■ Provided data:
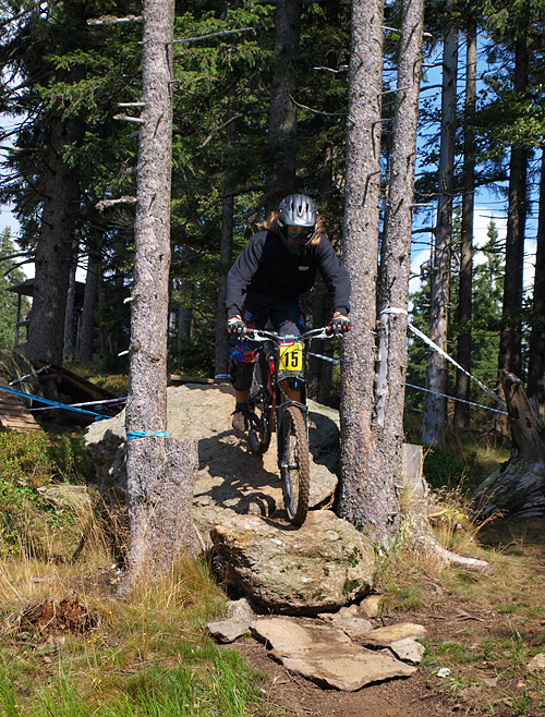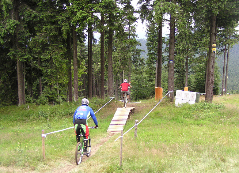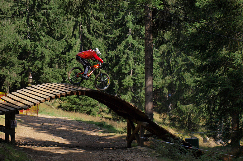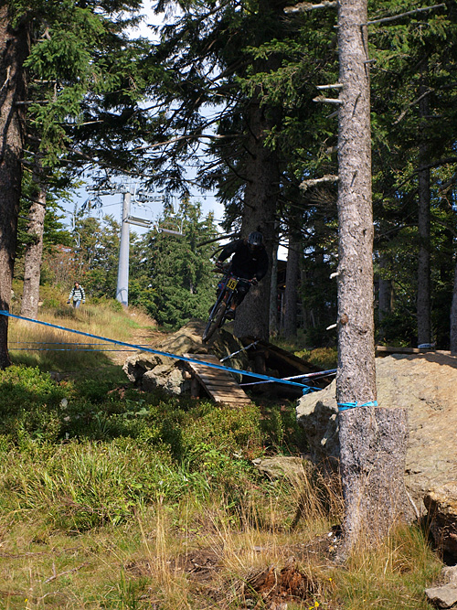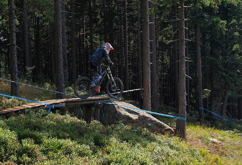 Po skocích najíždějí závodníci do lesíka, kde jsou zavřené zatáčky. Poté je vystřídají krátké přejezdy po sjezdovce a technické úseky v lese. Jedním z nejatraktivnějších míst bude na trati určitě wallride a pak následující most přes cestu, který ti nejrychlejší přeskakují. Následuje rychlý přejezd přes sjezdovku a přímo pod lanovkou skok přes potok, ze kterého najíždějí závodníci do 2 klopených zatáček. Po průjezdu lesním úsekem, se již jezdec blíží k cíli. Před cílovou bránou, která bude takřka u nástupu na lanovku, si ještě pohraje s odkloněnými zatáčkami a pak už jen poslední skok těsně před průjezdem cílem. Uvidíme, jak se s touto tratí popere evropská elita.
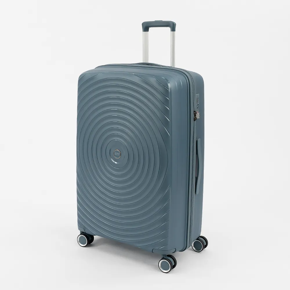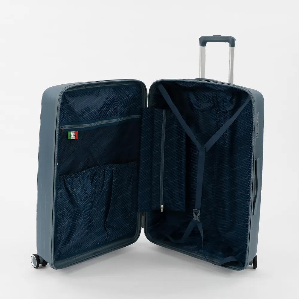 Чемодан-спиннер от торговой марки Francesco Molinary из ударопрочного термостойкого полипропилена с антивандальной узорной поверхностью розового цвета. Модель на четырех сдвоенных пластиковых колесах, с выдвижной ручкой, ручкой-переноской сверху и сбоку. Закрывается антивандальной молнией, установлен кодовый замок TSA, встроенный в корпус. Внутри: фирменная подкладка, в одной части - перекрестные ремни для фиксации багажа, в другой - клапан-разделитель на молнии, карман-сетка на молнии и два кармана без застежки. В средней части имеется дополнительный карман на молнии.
...
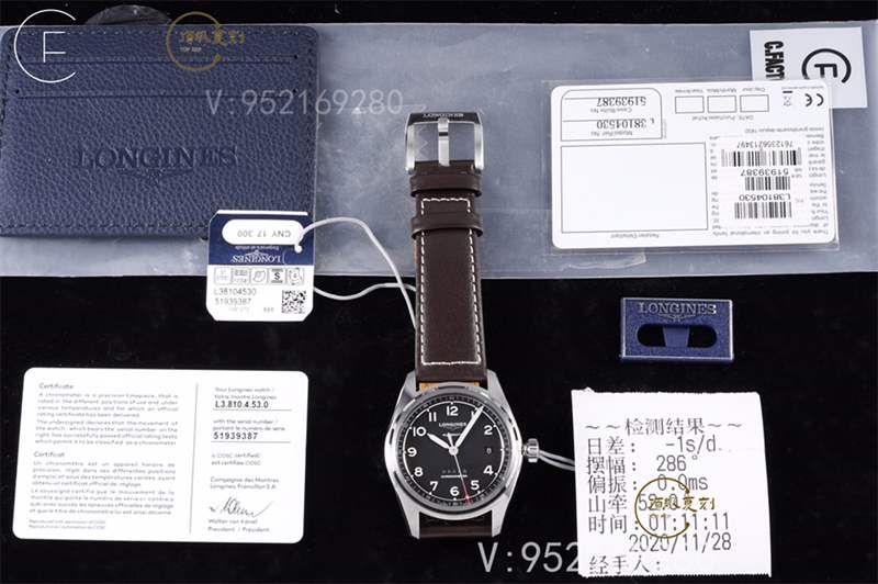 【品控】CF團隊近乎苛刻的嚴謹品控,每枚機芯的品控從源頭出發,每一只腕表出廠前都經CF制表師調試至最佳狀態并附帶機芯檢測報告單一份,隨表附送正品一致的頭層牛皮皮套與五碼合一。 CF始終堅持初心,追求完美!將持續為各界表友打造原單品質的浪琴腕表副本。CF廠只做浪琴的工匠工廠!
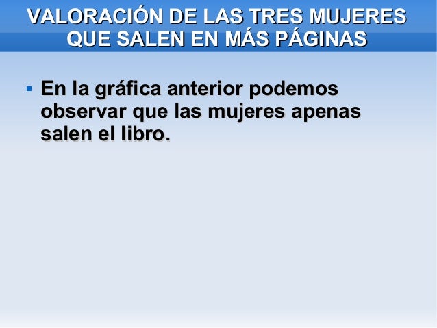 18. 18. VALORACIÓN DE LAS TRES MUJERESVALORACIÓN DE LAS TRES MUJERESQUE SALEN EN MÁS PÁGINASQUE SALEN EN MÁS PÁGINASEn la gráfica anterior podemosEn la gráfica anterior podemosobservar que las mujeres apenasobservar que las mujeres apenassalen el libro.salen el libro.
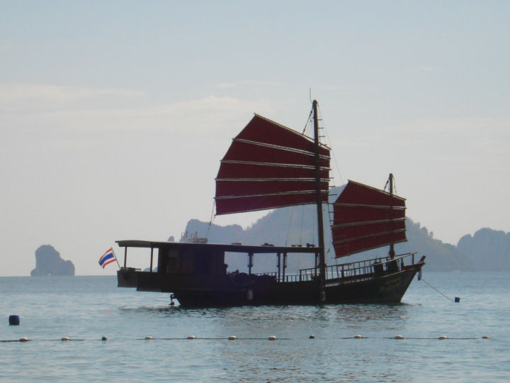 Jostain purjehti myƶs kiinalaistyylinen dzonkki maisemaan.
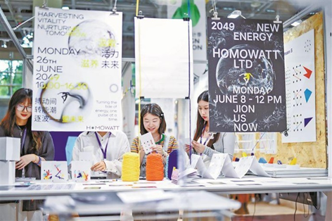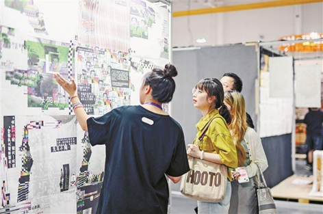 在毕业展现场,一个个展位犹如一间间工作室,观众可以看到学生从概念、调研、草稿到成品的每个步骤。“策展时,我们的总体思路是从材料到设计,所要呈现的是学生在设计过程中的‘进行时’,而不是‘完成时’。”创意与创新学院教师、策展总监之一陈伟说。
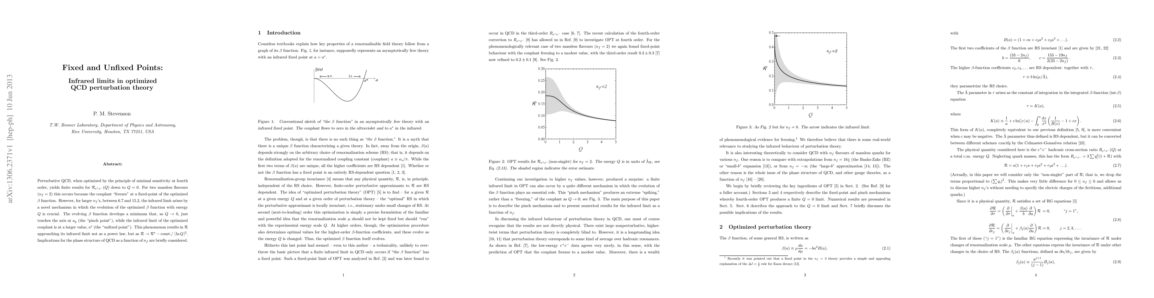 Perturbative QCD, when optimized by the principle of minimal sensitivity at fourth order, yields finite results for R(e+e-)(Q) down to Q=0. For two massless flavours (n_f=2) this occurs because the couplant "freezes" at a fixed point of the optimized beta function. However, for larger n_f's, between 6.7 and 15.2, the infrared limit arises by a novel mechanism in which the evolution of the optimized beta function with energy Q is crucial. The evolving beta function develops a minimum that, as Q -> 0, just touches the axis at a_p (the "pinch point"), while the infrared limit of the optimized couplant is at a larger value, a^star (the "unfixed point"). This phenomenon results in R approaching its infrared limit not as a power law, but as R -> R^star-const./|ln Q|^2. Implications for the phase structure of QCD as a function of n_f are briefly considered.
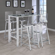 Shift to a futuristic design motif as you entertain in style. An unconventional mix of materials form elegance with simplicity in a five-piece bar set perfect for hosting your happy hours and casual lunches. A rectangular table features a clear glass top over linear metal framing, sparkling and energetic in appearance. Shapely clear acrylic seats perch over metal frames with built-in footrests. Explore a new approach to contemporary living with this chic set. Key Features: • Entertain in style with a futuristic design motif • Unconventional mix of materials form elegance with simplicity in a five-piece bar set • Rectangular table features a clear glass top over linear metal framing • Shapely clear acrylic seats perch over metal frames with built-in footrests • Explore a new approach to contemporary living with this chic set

■ Exercise requirements:
Beginning at the line above that contains "Po skocích najíždějí", repeat each line exactly through the one that contains "Чемодан-спиннер от торговой", and leave out the pictures.

■ Solution below:
 Po skocích najíždějí závodníci do lesíka, kde jsou zavřené zatáčky. Poté je vystřídají krátké přejezdy po sjezdovce a technické úseky v lese. Jedním z nejatraktivnějších míst bude na trati určitě wallride a pak následující most přes cestu, který ti nejrychlejší přeskakují. Následuje rychlý přejezd přes sjezdovku a přímo pod lanovkou skok přes potok, ze kterého najíždějí závodníci do 2 klopených zatáček. Po průjezdu lesním úsekem, se již jezdec blíží k cíli. Před cílovou bránou, která bude takřka u nástupu na lanovku, si ještě pohraje s odkloněnými zatáčkami a pak už jen poslední skok těsně před průjezdem cílem. Uvidíme, jak se s touto tratí popere evropská elita.
 Чемодан-спиннер от торговой марки Francesco Molinary из ударопрочного термостойкого полипропилена с антивандальной узорной поверхностью розового цвета. Модель на четырех сдвоенных пластиковых колесах, с выдвижной ручкой, ручкой-переноской сверху и сбоку. Закрывается антивандальной молнией, установлен кодовый замок TSA, встроенный в корпус. Внутри: фирменная подкладка, в одной части - перекрестные ремни для фиксации багажа, в другой - клапан-разделитель на молнии, карман-сетка на молнии и два кармана без застежки. В средней части имеется дополнительный карман на молнии.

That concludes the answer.